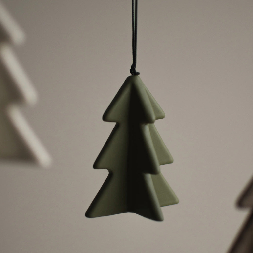 in Form eines schlichten Keramikbäumchens. Zum Aufhängen am Weihnachtsbaum, an dekorativen Zweigen oder als liebevolles Detail an Geschenken.
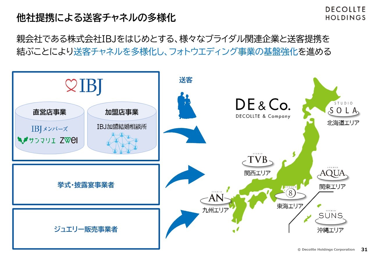 今後、日本の婚活サービスの最大手である親会社IBJからの結婚を決意された方々の送客は、非常に大きな力になると考えています。IBJだけでなく、挙式・披露宴事業者やさまざまな会社とも送客の提携を結んでいます。
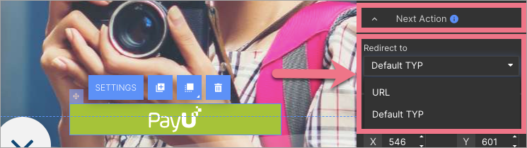 5. In the Next Action tab, you can specify an action after the payment has been made. By default, the user will be redirected to a thank you page (Default TYP), but if your landing page has multiple payment gateways or other signup forms, you can create and link (URL) a landing page that displays only after a transaction is completed.
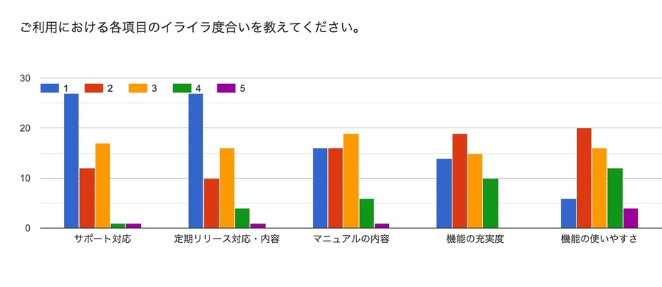使用する上で不便さがイライラに繋がる理由が多い結果となりました。また、バグについてのご意見も社内で共有致します。
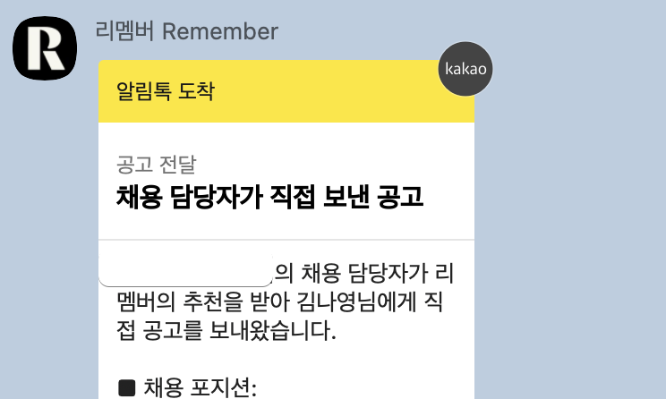 어이없게도 해당 회사 인사 담당자가 나에게 다른 직무의 공고를 보냈다는 알림이 온 것이다.
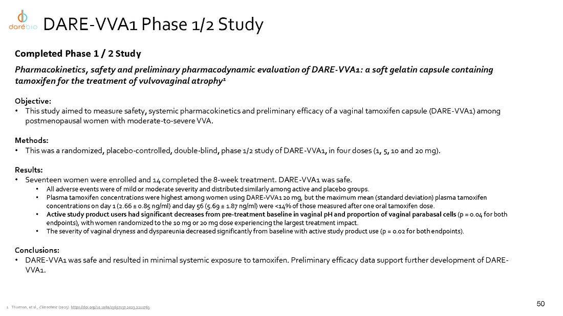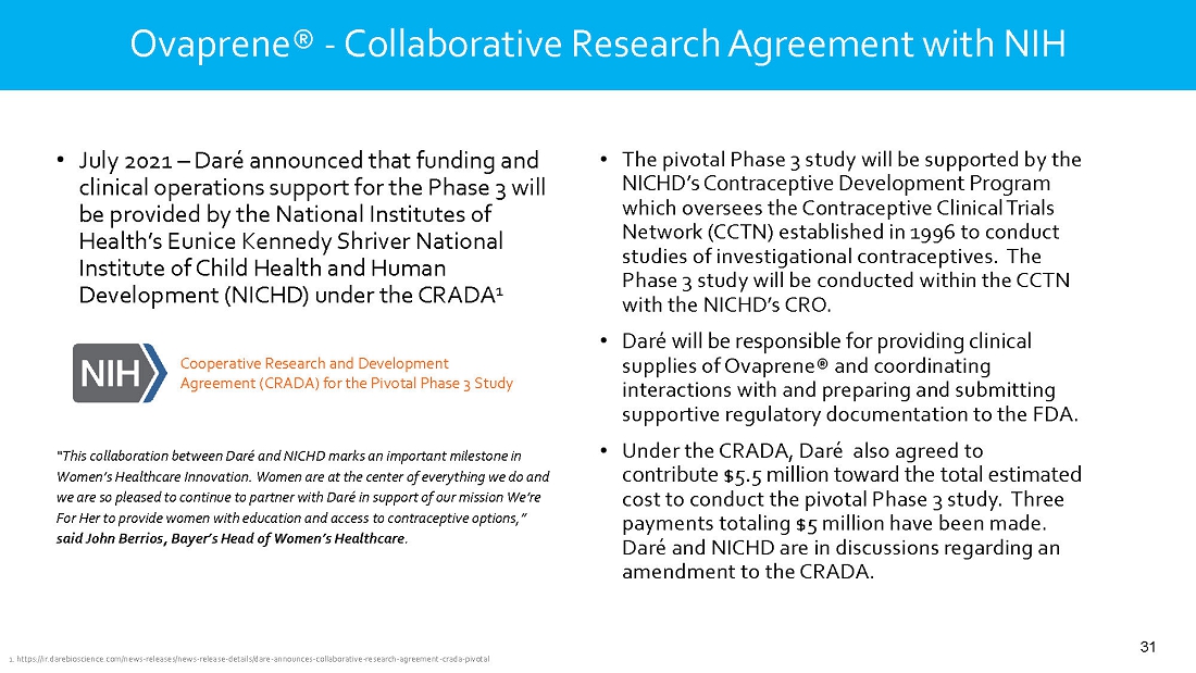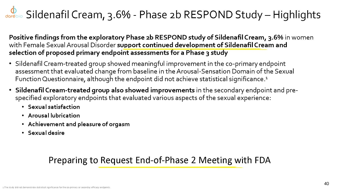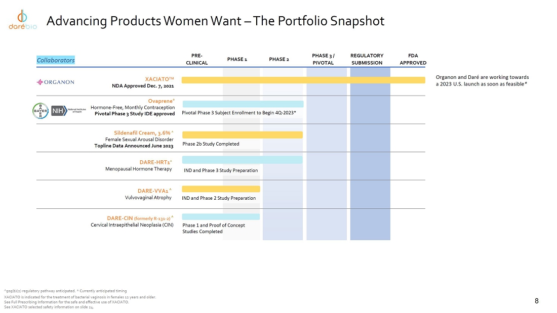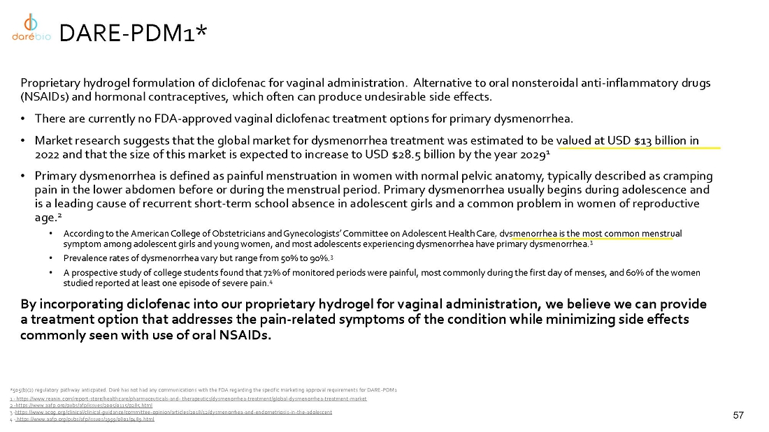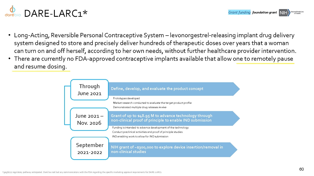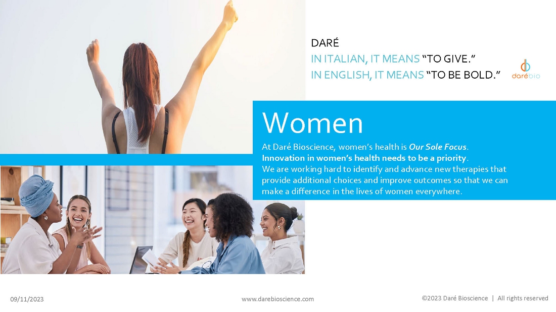 The information in Item 7.01 of this report, including Exhibit 99.1, shall not be deemed “filed” for purposes of Section 18 of the Securities Exchange Act of 1934, as amended, or otherwise subject to liability under that Section or Sections 11 and 12(a)(2) of the Securities Act of 1933, as amended. The information contained in this Item 7.01 and in Exhibit 99.1 shall not be incorporated by reference into any filing with the Securities and Exchange Commission made by Daré, whether made before or after the date hereof, regardless of any general incorporation language in such filing.

» **Try it**
Only the pictures should be left out; the rest of the material above must be repeated exactly.

» **Response**
 in Form eines schlichten Keramikbäumchens. Zum Aufhängen am Weihnachtsbaum, an dekorativen Zweigen oder als liebevolles Detail an Geschenken.
 今後、日本の婚活サービスの最大手である親会社IBJからの結婚を決意された方々の送客は、非常に大きな力になると考えています。IBJだけでなく、挙式・披露宴事業者やさまざまな会社とも送客の提携を結んでいます。
 5. In the Next Action tab, you can specify an action after the payment has been made. By default, the user will be redirected to a thank you page (Default TYP), but if your landing page has multiple payment gateways or other signup forms, you can create and link (URL) a landing page that displays only after a transaction is completed.
使用する上で不便さがイライラに繋がる理由が多い結果となりました。また、バグについてのご意見も社内で共有致します。
 어이없게도 해당 회사 인사 담당자가 나에게 다른 직무의 공고를 보냈다는 알림이 온 것이다.
 The information in Item 7.01 of this report, including Exhibit 99.1, shall not be deemed “filed” for purposes of Section 18 of the Securities Exchange Act of 1934, as amended, or otherwise subject to liability under that Section or Sections 11 and 12(a)(2) of the Securities Act of 1933, as amended. The information contained in this Item 7.01 and in Exhibit 99.1 shall not be incorporated by reference into any filing with the Securities and Exchange Commission made by Daré, whether made before or after the date hereof, regardless of any general incorporation language in such filing.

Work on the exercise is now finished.